ABOUT THIS TASK: Repeat exactly what runs from the line containing "दुर्ग – खेल" through the last line of the material below. Do not copy the pictures.

STORED DATA:
* * *

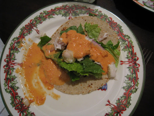 Serve fish to wrap in soft tortillas with lettuce, onions, hot peppers and sauce.
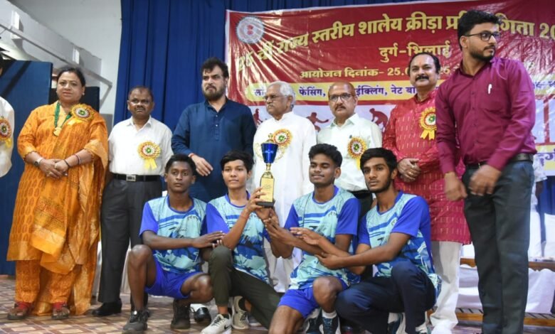 दुर्ग – खेल प्रतिभाओं को निखारने और युवाओं में खेल भावना को प्रोत्साहित करने के उद्देश्य से आयोजित 25वीं राज्य स्तरीय शालेय क्रीड़ा प्रतियोगिता-2025 का समापन आज एसएनजी विद्यालय, सेक्टर-4, भिलाई में भव्य रूप से सम्पन्न हुआ। प्रतियोगिता का आयोजन 25 सितम्बर 2025 से प्रारंभ हुआ था, जिसमें सरगुजा, बस्तर, बिलासपुर, दुर्ग और रायपुर के विभिन्न क्षेत्रों के प्रतिभागियों ने उत्साहपूर्वक भाग लिया। समापन समारोह की अध्यक्षता अहिवारा विधायक डोमनलाल कोर्सेवाड़ा ने की। 25वीं राज्य स्तरीय साल क्रीडा प्रतियोगिता में ऑल ओवर चैम्पियन का खि़ताब दुर्ग संभाग के नाम रहा।
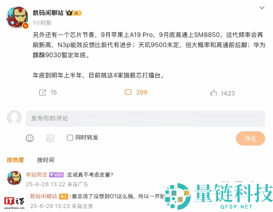 IT之家 6 月 28 日消息,博主 @数码闲聊站 发文,披露苹果将在今年 9 月推出 A19 Pro 处理器,高通将紧随其后(9 月末)推出
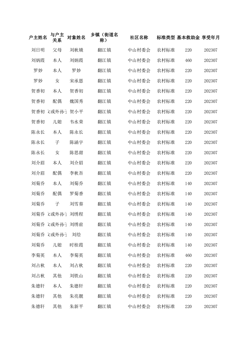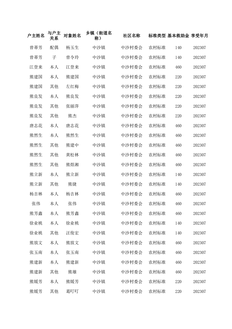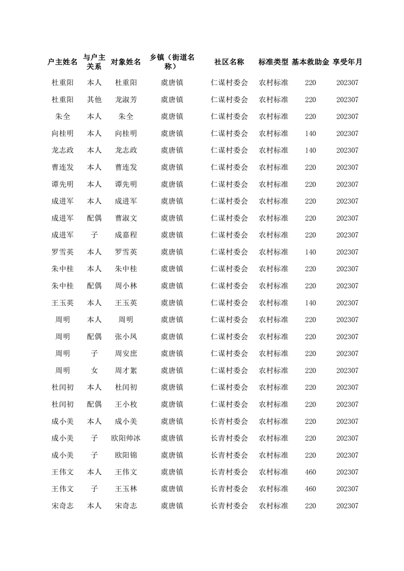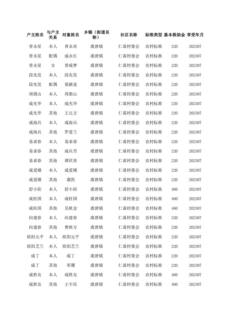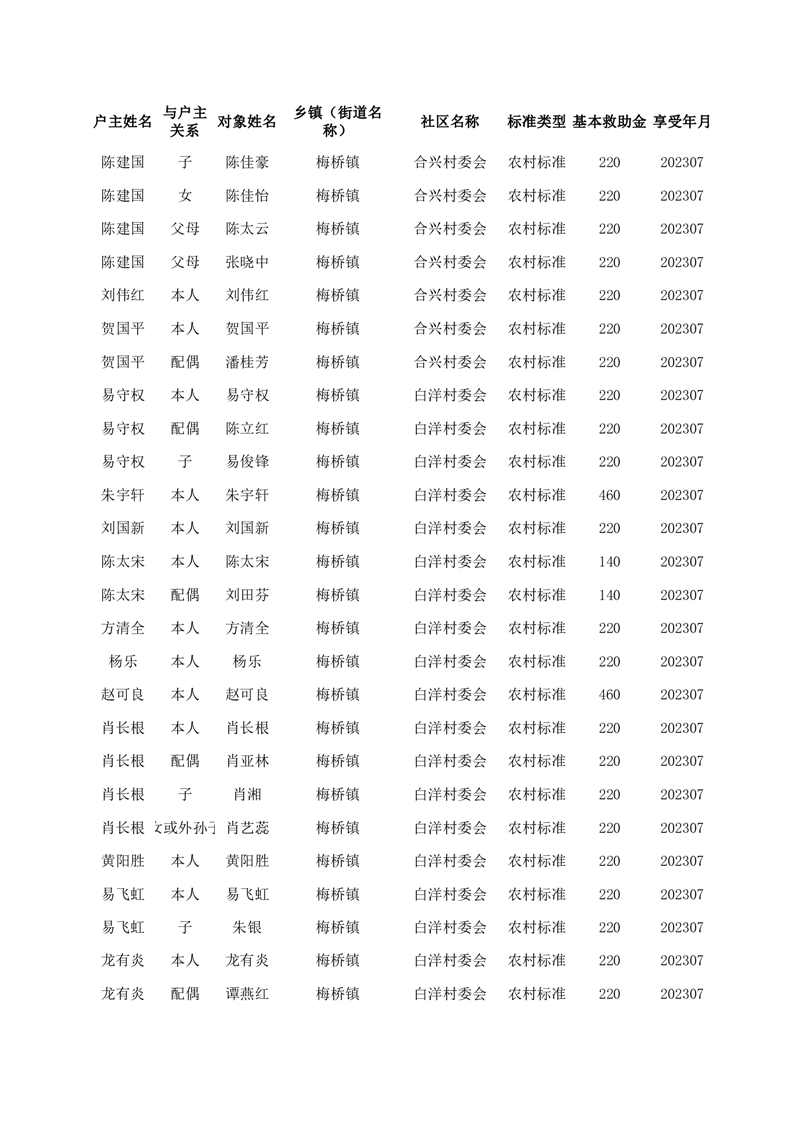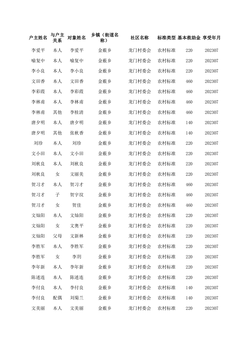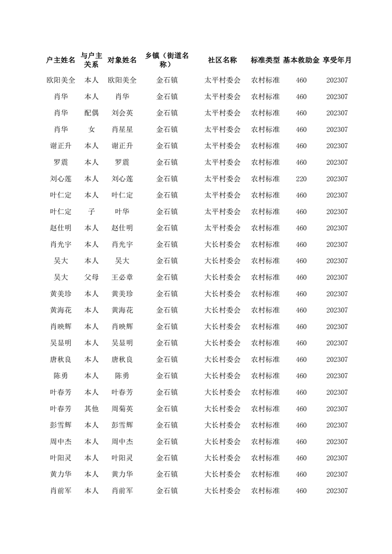 湘鄉市2023年7月份農村低保救助對象審批匯總表

* * *

RESPONSE AREA:
 दुर्ग – खेल प्रतिभाओं को निखारने और युवाओं में खेल भावना को प्रोत्साहित करने के उद्देश्य से आयोजित 25वीं राज्य स्तरीय शालेय क्रीड़ा प्रतियोगिता-2025 का समापन आज एसएनजी विद्यालय, सेक्टर-4, भिलाई में भव्य रूप से सम्पन्न हुआ। प्रतियोगिता का आयोजन 25 सितम्बर 2025 से प्रारंभ हुआ था, जिसमें सरगुजा, बस्तर, बिलासपुर, दुर्ग और रायपुर के विभिन्न क्षेत्रों के प्रतिभागियों ने उत्साहपूर्वक भाग लिया। समापन समारोह की अध्यक्षता अहिवारा विधायक डोमनलाल कोर्सेवाड़ा ने की। 25वीं राज्य स्तरीय साल क्रीडा प्रतियोगिता में ऑल ओवर चैम्पियन का खि़ताब दुर्ग संभाग के नाम रहा।
 IT之家 6 月 28 日消息,博主 @数码闲聊站 发文,披露苹果将在今年 9 月推出 A19 Pro 处理器,高通将紧随其后(9 月末)推出
 湘鄉市2023年7月份農村低保救助對象審批匯總表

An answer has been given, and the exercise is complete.